Un viaje de conquista y dominación donde el objetivo es reclamar coronas, ya pertenezcan a reinos, imperios o mundos enteros.
-El usuario debe obtener al menos cincuenta coronas nuevas cada año, o su senda de cultivo se estancará.
Habilidad Otorgada por el Camino: «Fauces del Imperio».
Un único sigilo carmesí que aparece en su lengua cuando abre la boca en batalla.
-Todo lo que el sigilo toca —ya sea una hoja, carne, una corona, una habilidad o un talento— es consumido al instante y absorbido por su poder.
-Cuantas más coronas devora, más grande y hambriento se vuelve el sigilo, y para cuando haya reclamado a mil gobernantes, podrá engullir ejércitos enteros de un solo bocado.

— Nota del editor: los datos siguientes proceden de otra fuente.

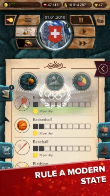 Manage various ministries to make life of your citizens better and safer: police, security service, Ministry of Health, Education, Defense, Infrastructure, Sport, Culture, environment, housing and utilities infrastructure and so much more! You control all the aspect of your countryβs life

-Acumula 200 000 «Coronas» antes de que se revelen los siguientes pasos].
Kale estaba solo en el tenue resplandor de sus aposentos, con las letras carmesí del Camino grabándose a fuego en sus retinas.
El Camino de Devorar Coronas.
Cincuenta coronas al año o la podredumbre eterna.
Abrió la boca solo para sentir el pulso, y el aire pareció estremecerse ante el hambre grabada allí.
Un mes de cambios, de huesos que se remodelaban con cada crujido, por fin le había otorgado el poder de devorar el mundo entero.
Dejó escapar un aliento lento, casi reverente, teñido del aroma fantasmal de la sangre aún no derramada.
Entró en la sala de guerra; sus botas no hacían ruido sobre el suelo de obsidiana, y el aire estaba cargado de incienso y del vago hedor a cobre de la sangre vieja.
La Reina Yonna estaba de pie junto a la poza de adivinación, con la postura rígida y el cabello negro, veteado de rojo, derramándose por su espalda.
No se giró cuando él se acercó, pero la temperatura descendió y la escarcha comenzó a serpentear por el borde de la poza.
Kale se colocó detrás de ella, con los brazos ya en alto para rodearle la cintura.
Nunca llegó a tocarla.
Yonna se desplazó, un único paso lateral, fluido y letal, y las manos de él se cerraron sobre la nada, sobre un aire invernal tan afilado que cortaba.
Su sonrisa era pequeña, educada y más fría que el vacío entre las estrellas.
—Contrólate, sobrino —dijo, con una voz tan suave como la nieve que cae sobre las tumbas—.
Tenemos una guerra que observar…
La sonrisa de Kale no vaciló, pero algo siniestro destelló tras sus ojos.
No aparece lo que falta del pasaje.